Après des années de désintérêt, la recherche de traitements contre la drépanocytose, une maladie génétique potentiellement mortelle qui touche des millions de personnes à travers le monde, connaît un renouveau. Le géant pharmaceutique suisse Novartis compte parmi les entreprises qui développent des médicaments susceptibles de changer la donne. Mais il faudra peut-être des décennies avant qu'ils n'atteignent les personnes qui en ont le plus besoin au Kenya.  

En novembre 2019, la direction de Novartis avait de bonnes raisons de se féliciter. Son médicament, le crizanlizumab, vendu sous le nom de marque Adakveo, venait d’obtenir le feu vert de la Food and Drug Administration (FDA) américaineLien externe, devenant ainsi le premier traitement à cibler la source des douleurs imprévisibles et atroces que subissent les personnes atteintes de drépanocytose.

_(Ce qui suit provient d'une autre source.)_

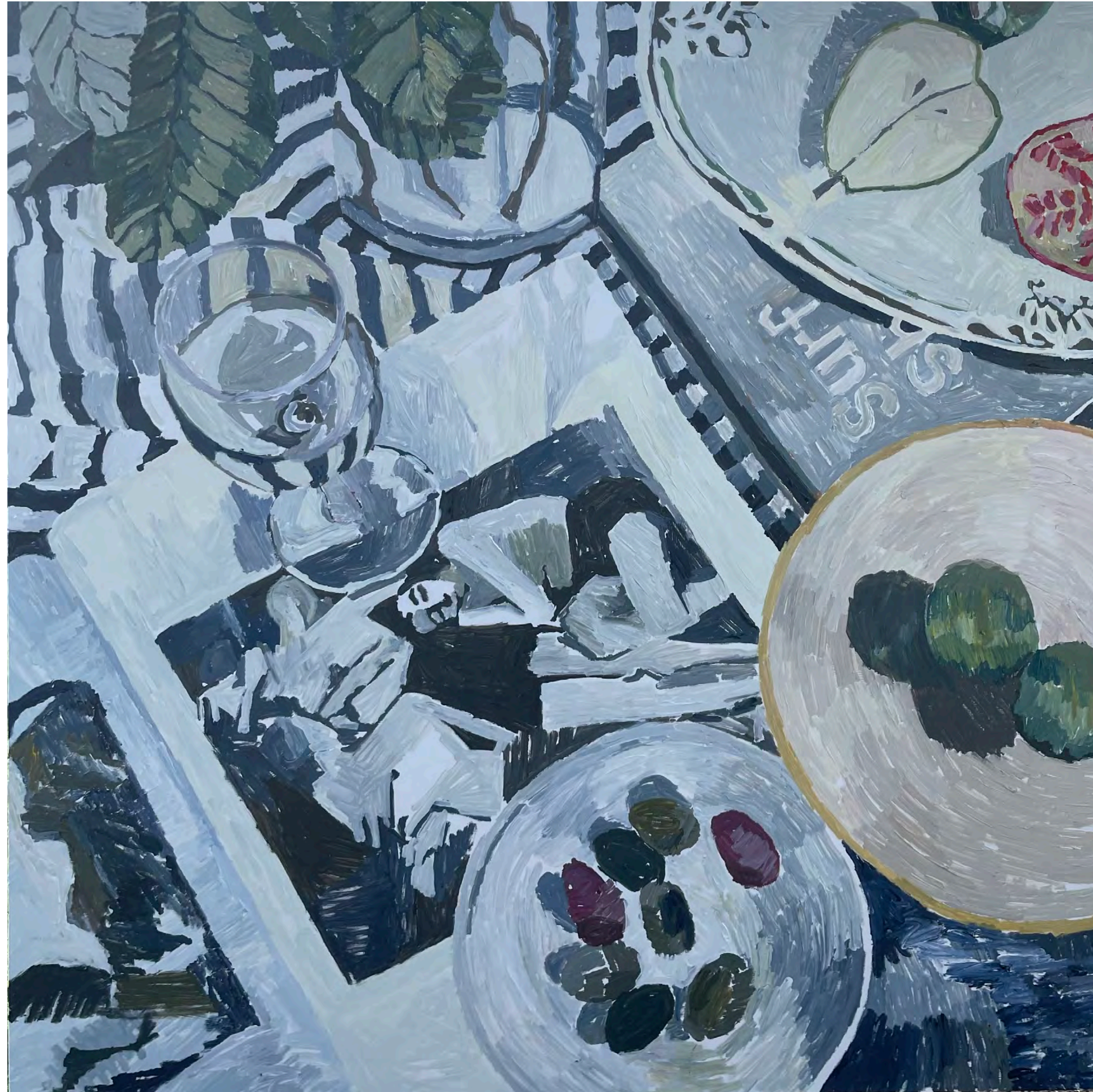
Chablis, Olives + Surf Shack (study of study) 2021 Acrylic on Belgian Linen 150 x 150 cm $18,000.00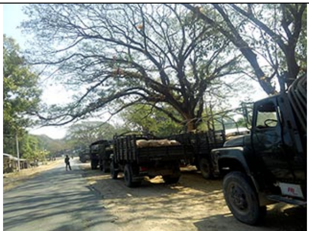
This photo was taken on January 31<sup>st</sup>, 2016. In front of IB #39 army base, 4 miles far from Toungoo Township, Toungoo District, there were more than 15 vehicles which often transported rations and ammunition to back up the temporary army camps situated in the east of Toungoo Township, Toungoo District.

During the collection of information in the past, the local villagers were not able to respond to social conflict after their lands were confiscated. Regarding land confiscation, the situation became worse because the villagers had to go to the law court and they were afraid to deal with the case in the law court. The villagers had to go whenever the authorities from the company confiscated their land. However, the situation has become better during the period between November 2015 and February 2016 because the villagers from Hton Bo village, Nan Ga Mauk village, Yay Ao Sin village and Kyet Khay Khyaung village, Htantabin Township were able to hold a demonstration in order to demand their lands [back]. It means the situation gets better because the villagers are working in unity.

Ceci est le deuxième article de notre série sur les dilemmes auxquels sont confrontés les gouvernements, les hôpitaux et les patients quant à l’accessibilité financière des nouveaux traitements coûteux contre le cancer et d’autres maladies génétiques potentiellement mortelles.

Ces patientes et patients, dont environ 70% vivent en Afrique, présentent une mutation génétique qui prive les globules rouges d’oxygène, ce qui provoque des lésions organiques graves et des douleurs tellement invalidantes qu’il est difficile de travailler ou d’aller à l’école.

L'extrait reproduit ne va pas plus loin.